Records excerpted from a collection
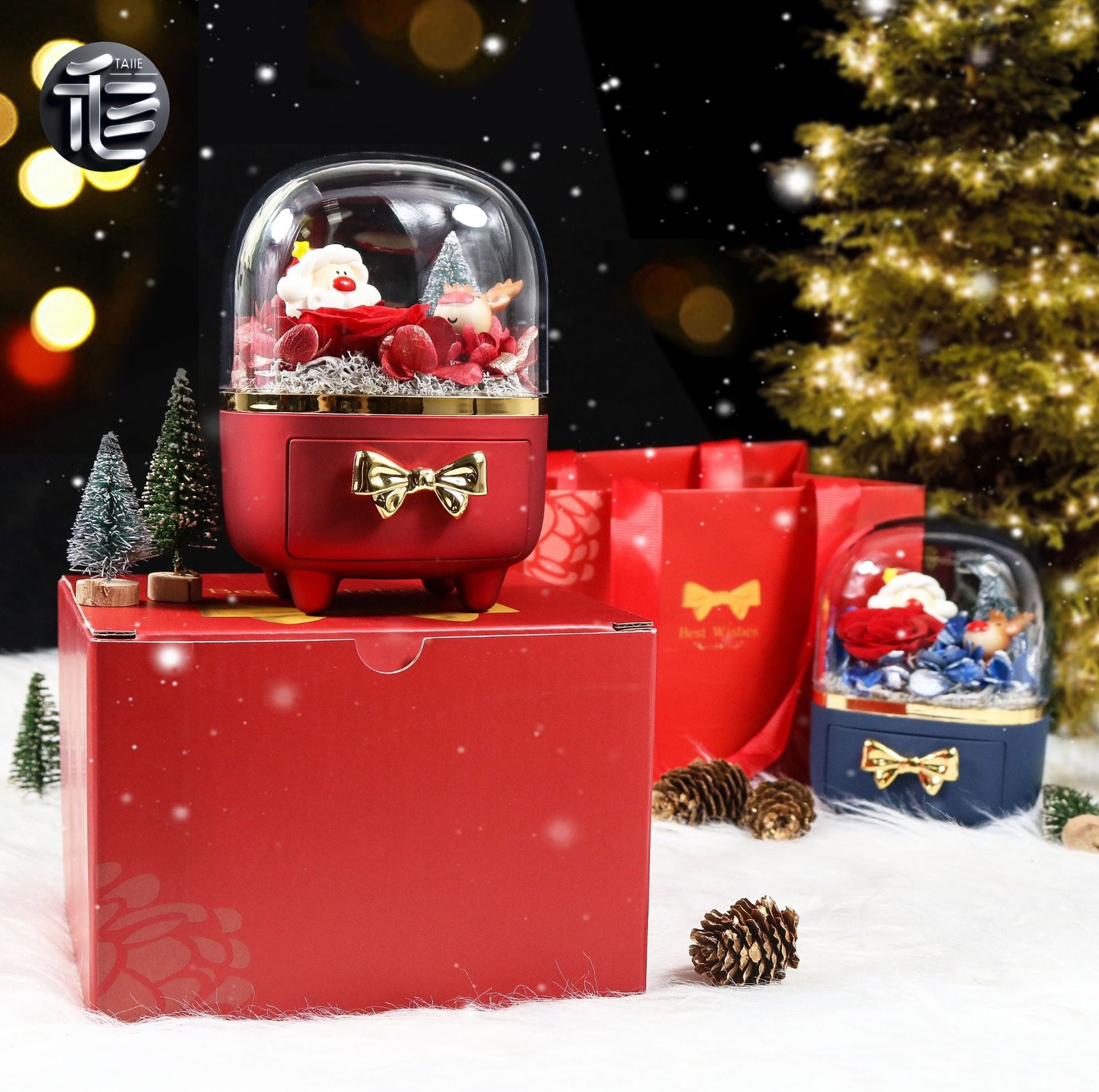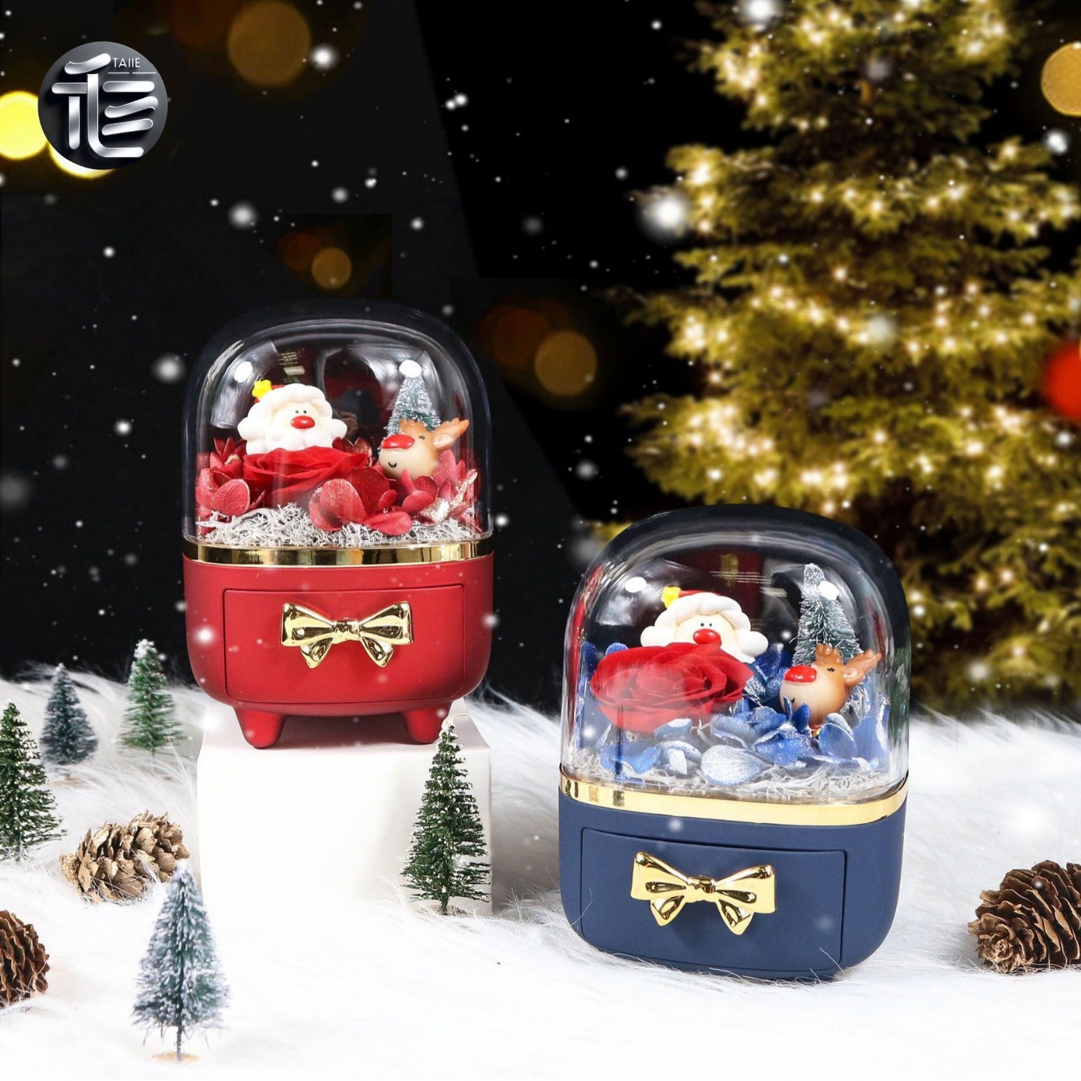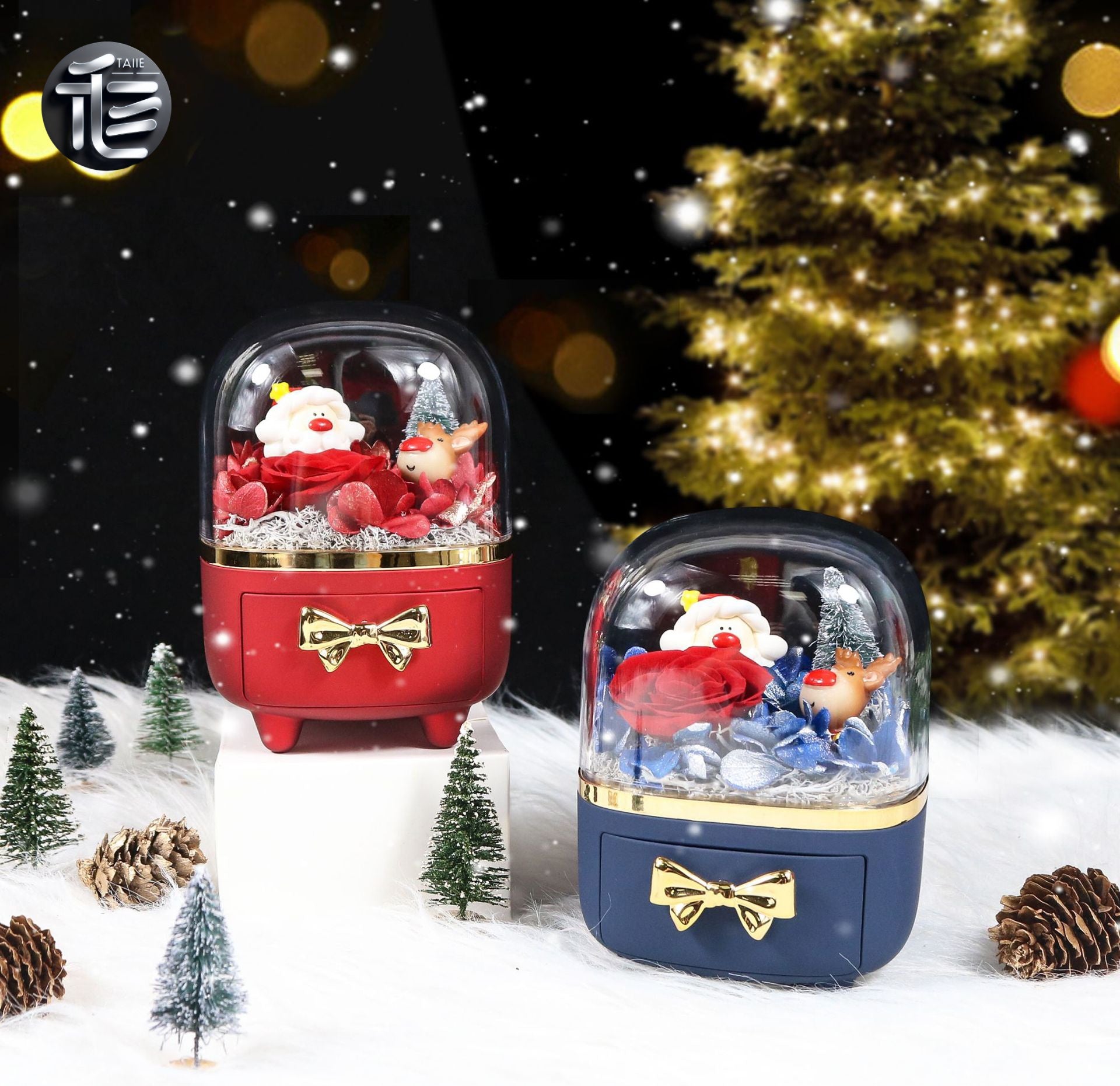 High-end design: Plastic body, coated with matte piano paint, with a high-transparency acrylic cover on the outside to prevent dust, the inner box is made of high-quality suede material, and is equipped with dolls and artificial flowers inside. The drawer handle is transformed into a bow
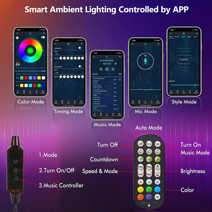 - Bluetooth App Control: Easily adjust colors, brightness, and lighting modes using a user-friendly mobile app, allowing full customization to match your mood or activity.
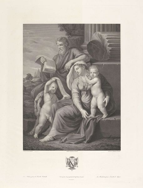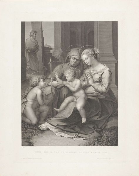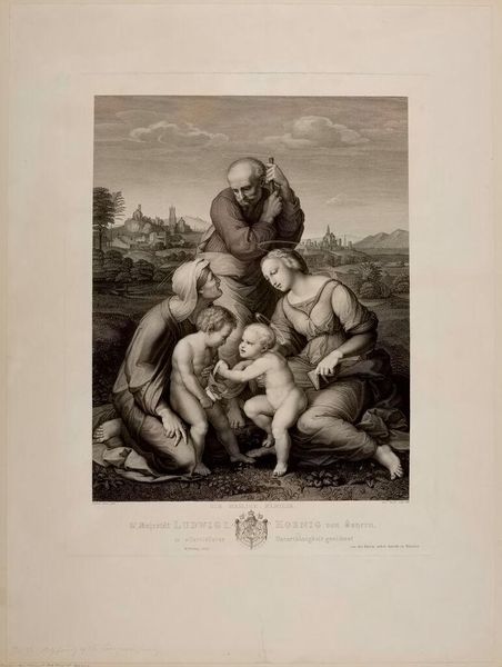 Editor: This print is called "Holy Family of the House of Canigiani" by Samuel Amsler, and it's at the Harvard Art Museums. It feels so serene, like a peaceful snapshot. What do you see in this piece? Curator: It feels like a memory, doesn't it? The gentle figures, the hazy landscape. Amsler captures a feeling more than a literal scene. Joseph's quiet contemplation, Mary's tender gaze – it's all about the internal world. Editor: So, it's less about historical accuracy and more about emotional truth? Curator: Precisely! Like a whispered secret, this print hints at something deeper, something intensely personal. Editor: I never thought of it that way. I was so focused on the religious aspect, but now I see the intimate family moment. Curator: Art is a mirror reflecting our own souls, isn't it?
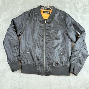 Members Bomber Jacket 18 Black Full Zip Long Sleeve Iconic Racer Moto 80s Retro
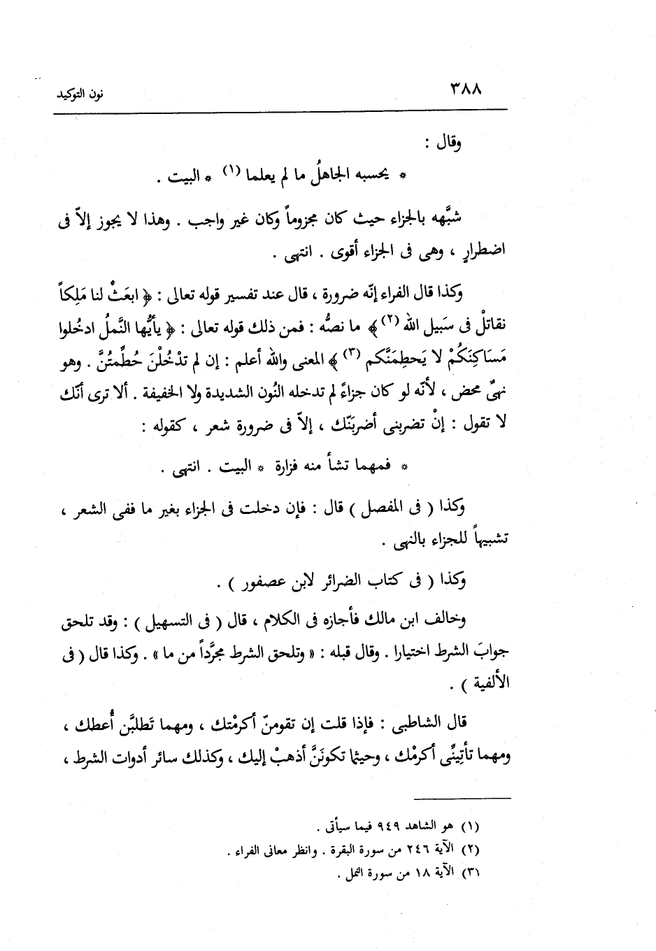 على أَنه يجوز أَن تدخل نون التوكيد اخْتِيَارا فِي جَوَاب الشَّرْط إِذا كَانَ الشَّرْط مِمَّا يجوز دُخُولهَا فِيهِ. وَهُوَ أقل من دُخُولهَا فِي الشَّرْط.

(Assignment):
Transcribe each line above verbatim, with the pictures left out.

(Solution):
 High-end design: Plastic body, coated with matte piano paint, with a high-transparency acrylic cover on the outside to prevent dust, the inner box is made of high-quality suede material, and is equipped with dolls and artificial flowers inside. The drawer handle is transformed into a bow
 - Bluetooth App Control: Easily adjust colors, brightness, and lighting modes using a user-friendly mobile app, allowing full customization to match your mood or activity.
 Editor: This print is called "Holy Family of the House of Canigiani" by Samuel Amsler, and it's at the Harvard Art Museums. It feels so serene, like a peaceful snapshot. What do you see in this piece? Curator: It feels like a memory, doesn't it? The gentle figures, the hazy landscape. Amsler captures a feeling more than a literal scene. Joseph's quiet contemplation, Mary's tender gaze – it's all about the internal world. Editor: So, it's less about historical accuracy and more about emotional truth? Curator: Precisely! Like a whispered secret, this print hints at something deeper, something intensely personal. Editor: I never thought of it that way. I was so focused on the religious aspect, but now I see the intimate family moment. Curator: Art is a mirror reflecting our own souls, isn't it?
 Members Bomber Jacket 18 Black Full Zip Long Sleeve Iconic Racer Moto 80s Retro
 على أَنه يجوز أَن تدخل نون التوكيد اخْتِيَارا فِي جَوَاب الشَّرْط إِذا كَانَ الشَّرْط مِمَّا يجوز دُخُولهَا فِيهِ. وَهُوَ أقل من دُخُولهَا فِي الشَّرْط.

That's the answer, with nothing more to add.